⟨

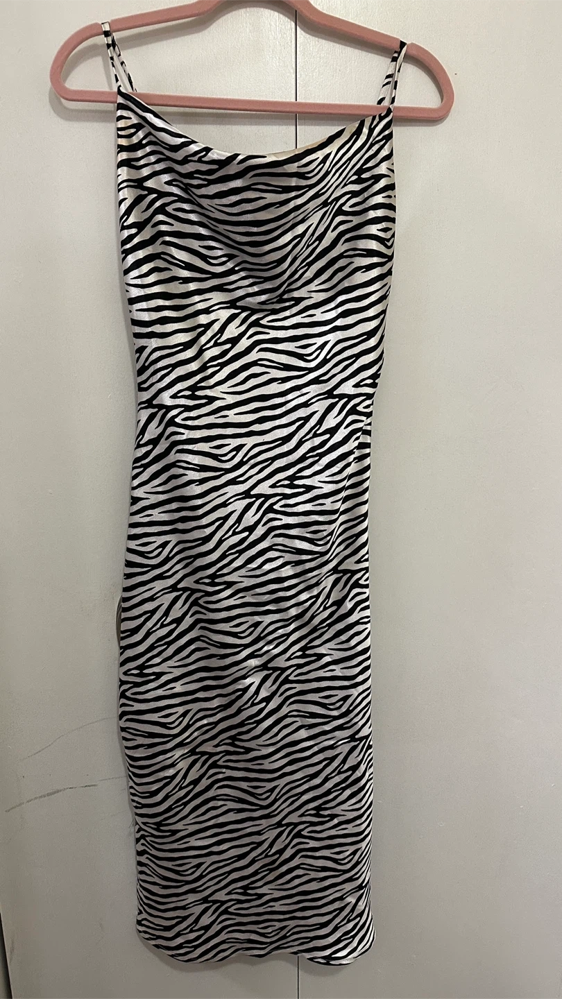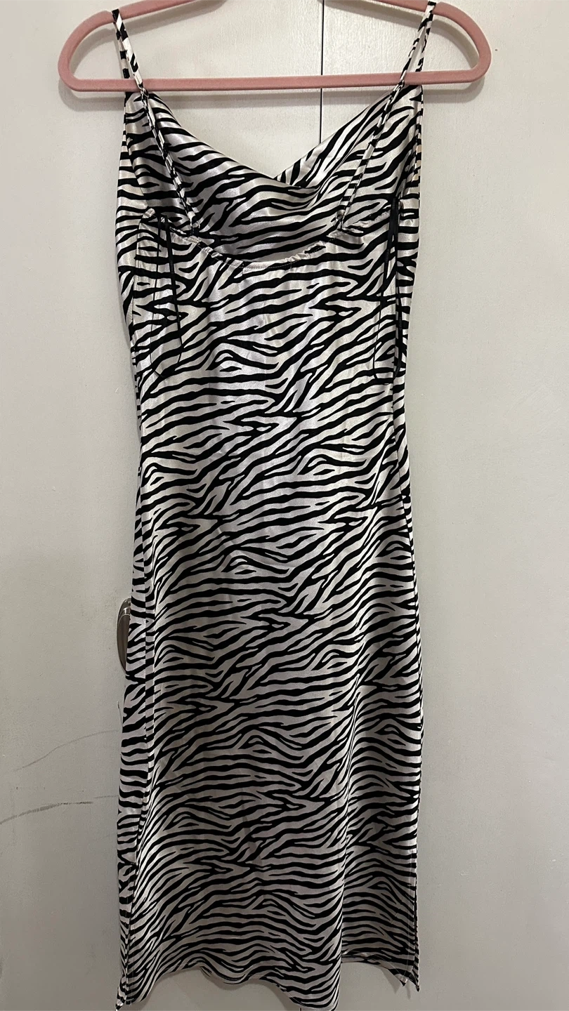 This is a cute cowl neck dress with a zebra print! It's perfect for a night out or a special occasion. The dress is in great condition.
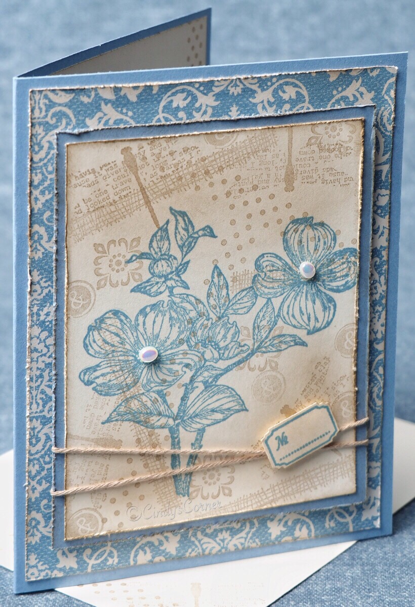 I do love the vintage technique (shabby chic) for my cards – it takes a little time but is satisfying to do and the final finish is so worth the effort. When I saw the Sale-a-bration exclusive free stamp set, Detailed Dogwood, I just knew it would be perfect for this technique, especially as it has a fine collection of eclectic images along with a beautiful dogwood spray. It also gave me a chance to use a few techniques as well.
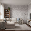 Flocked Velvet, Flocked Wallcovering, Floral, Gothic Damask Flock Grey and Silver, Gray,
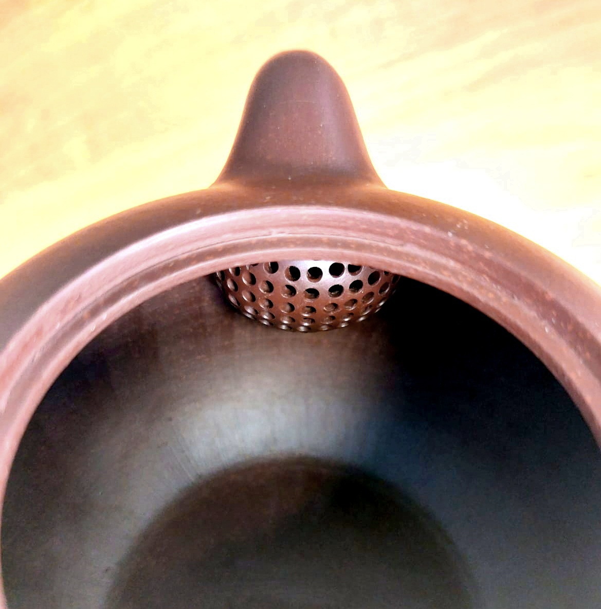 Широкая горловина удобна для крупнолистового чая и цельных кусков прессованного пуэра.
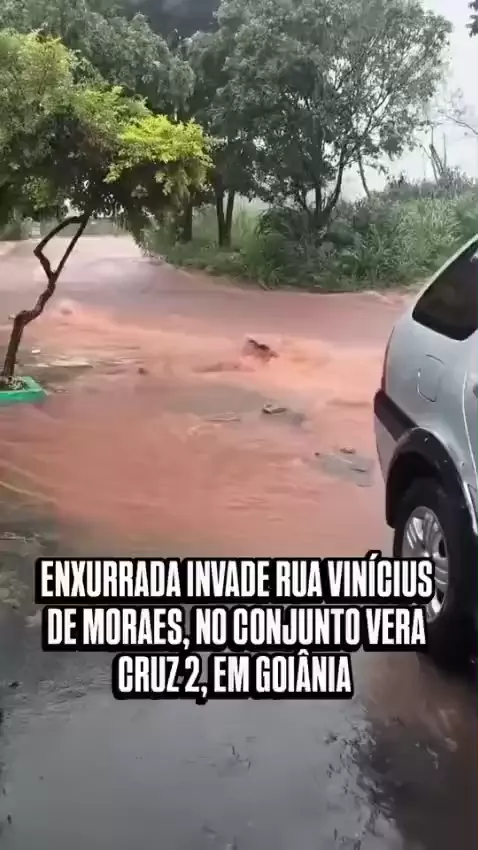 Moradores da Rua Léo Lynce, no Conjunto Vera Cruz 2, região oeste de Goiânia, tiveram que colocar os carros nas calçadas por causa da enxurrada que tomou conta da rua. #status #noticias #kawaii
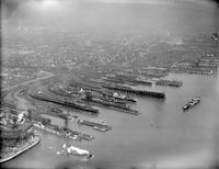 Aerial views of the terminus of the Pennsylvania and Reading Railroad at Port Richmond, Philadelphia. Railroad ends at the
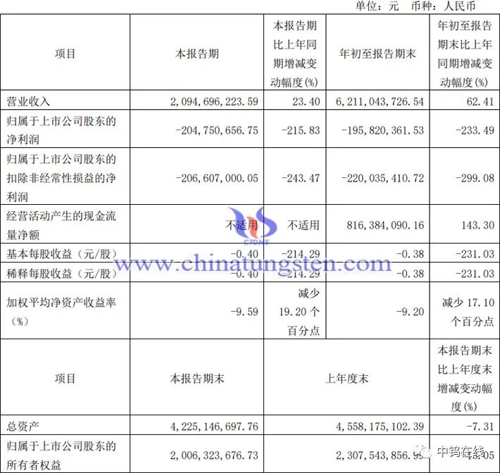 近日,吉翔股份发布报告称,公司2023年第三季度实现营收20.95亿元,同比上涨23.40%;归母净利润-2.05亿元,同比下降215.83%;扣非净利润-2.07亿元,同比下降243.47%;基本每股收益-0.40元,同比下降214.29%;报告期末,总资产42.25亿元,同比下降7.31%;归母所有者权益20.06亿元,同比下降13.05%。
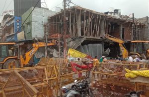उज्जैन। उज्जैन के विश्वप्रसिद्ध महाकालेश्वर मंदिर के सामने मंगलवार के दिन बुलडोजर कार्रवाई देखने को मिली। यह कार्रवाई निर्माणाधीन अवैध होटल पर की गई। आरोप है कि होटल संचालक बगैर अनुमति के होटल का निर्माण करवा रहा था। नगर निगम की तरफ से नोटिस भी दिया गया। नोटिस दिए जाने के बाद भी न तो कार्य रोका गया ना ही नोटिस का जवाब दिया। लिहाजा मंगलवार के दो बुलडोजर की मदद से होटल को जमीदोंज किया गया।
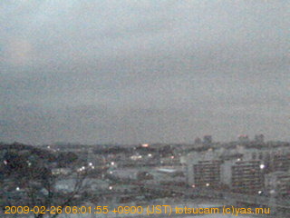 横浜市戸塚駅周辺から 東戸塚方面(北北東)を望む展望カメラの映像です。 左は現在の映像です。 下に並んでいるのは、 7日間に亘る日の出どき、昼間、夕暮れどきの写真(サムネイル)です。 それぞれ、日の出15分前、南中時、日没20分後の写真となっています。 各写真の下にはmpeg形式の動画へのリンクがあります。 それぞれ、日の出、南中、日没の前後1時間の画像です。 右欄にはその日24時間の動画へのリンクがあります。 この7日間以外は日付が一覧表示されています。 日付部分をクリックすると、 その日付から7日分が展開されて表示されます。
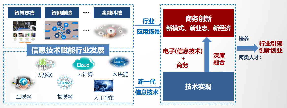 1) Insisting on the equal emphasis on technology and business, cultivating innovative and entrepreneurial talents.This specialty is a new business specialty formed by the intersection of science, engineering, economics, management, law and other disciplines, which integrates modern information technology such as Internet, cloud computing, big data, artificial intelligence, blockchain and business in depth, cultivates students' ability to support business innovation through technological realization, and assists in enterprise business model innovation, industrial structure transformation and upgrading, development of new economic forms in the society, and improvement of the efficiency of economic resource allocation.
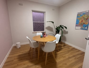 We offer a friendly and relaxed environment where students can truly feel at home. Our centre features three versatile spaces for classes, each with its own unique atmosphere. The main room is spacious and bright, opening onto a charming courtyard, while the adjacent kitchen is used to offer drinks and French tastings to students (but you’ll have to order them in French!). The study room provides a cosy, focused setting ideal for one-on-one lessons, and the back room offers a warm, welcoming feel perfect for small evening groups.
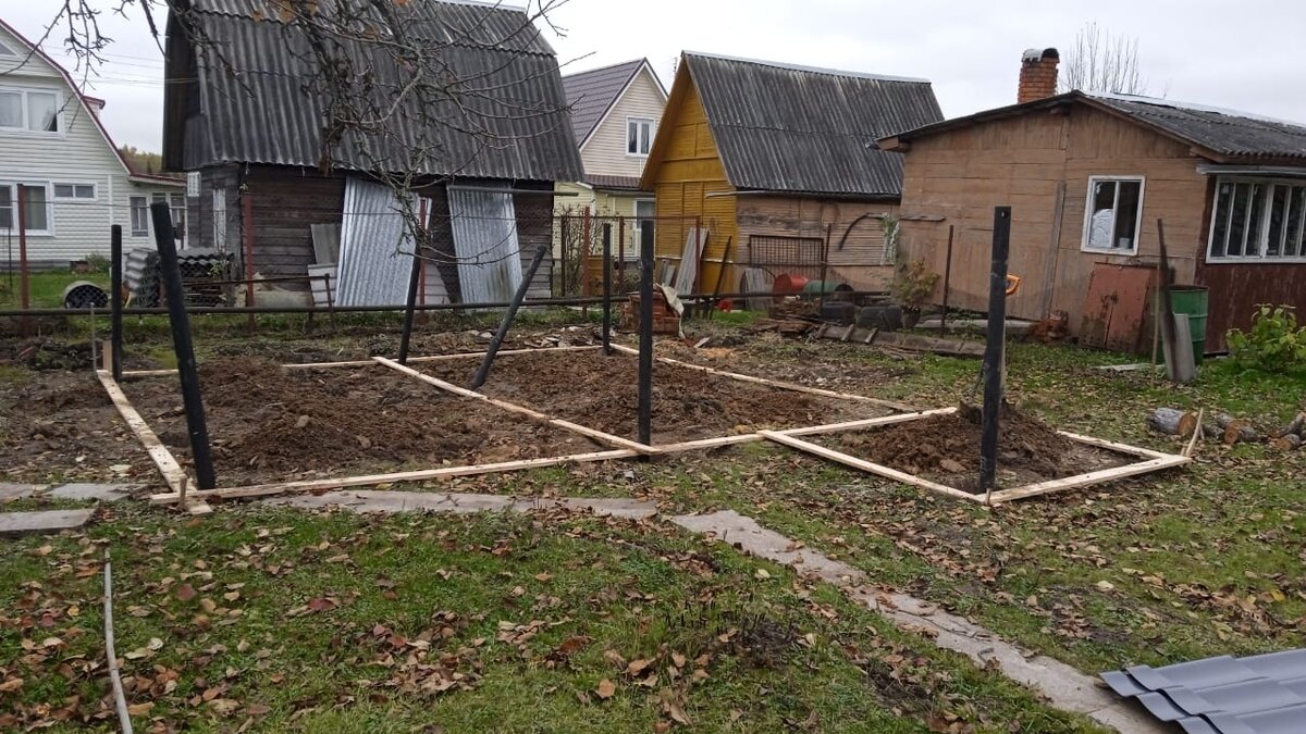 Мы все приняли и дождались наших строителей. Ребята делали все сами от свай до крыши, периодичски просил их присылать фотки. Срок стройки составил 5 дней. Комплектация дома: Фундамент - сваи 14шт; Стены внутри вагонка, снаружи имитация бруса 135мм; Утеплитель 100 мм хотрок стены, пол, потолок. Перегородки внутри дома утеплитель 50мм. Крыша - металлочерепица; Окна - Рехау, двухкамерные стеклопакеты; Пол - шпунтовка. Начало работы Ребята отмерили дом и разметили сваи, дальше раскопали и закрутили их. Дальше вкрутили и сколотили пол: У утру даже уже поставили стены: Затем занялись крышей и тут мне пришло в голову то нужно добавить еще одно окно)

⟩

* TASK DIRECTIONS
Copy word for word only the lines above from the one with "Flocked Velvet, Flocked" through the one with "उज्जैन। उज्जैन के". Leave pictures out.

* ANSWER SPACE
 Flocked Velvet, Flocked Wallcovering, Floral, Gothic Damask Flock Grey and Silver, Gray,
 Широкая горловина удобна для крупнолистового чая и цельных кусков прессованного пуэра.
 Moradores da Rua Léo Lynce, no Conjunto Vera Cruz 2, região oeste de Goiânia, tiveram que colocar os carros nas calçadas por causa da enxurrada que tomou conta da rua. #status #noticias #kawaii
 Aerial views of the terminus of the Pennsylvania and Reading Railroad at Port Richmond, Philadelphia. Railroad ends at the
 近日,吉翔股份发布报告称,公司2023年第三季度实现营收20.95亿元,同比上涨23.40%;归母净利润-2.05亿元,同比下降215.83%;扣非净利润-2.07亿元,同比下降243.47%;基本每股收益-0.40元,同比下降214.29%;报告期末,总资产42.25亿元,同比下降7.31%;归母所有者权益20.06亿元,同比下降13.05%。
उज्जैन। उज्जैन के विश्वप्रसिद्ध महाकालेश्वर मंदिर के सामने मंगलवार के दिन बुलडोजर कार्रवाई देखने को मिली। यह कार्रवाई निर्माणाधीन अवैध होटल पर की गई। आरोप है कि होटल संचालक बगैर अनुमति के होटल का निर्माण करवा रहा था। नगर निगम की तरफ से नोटिस भी दिया गया। नोटिस दिए जाने के बाद भी न तो कार्य रोका गया ना ही नोटिस का जवाब दिया। लिहाजा मंगलवार के दो बुलडोजर की मदद से होटल को जमीदोंज किया गया।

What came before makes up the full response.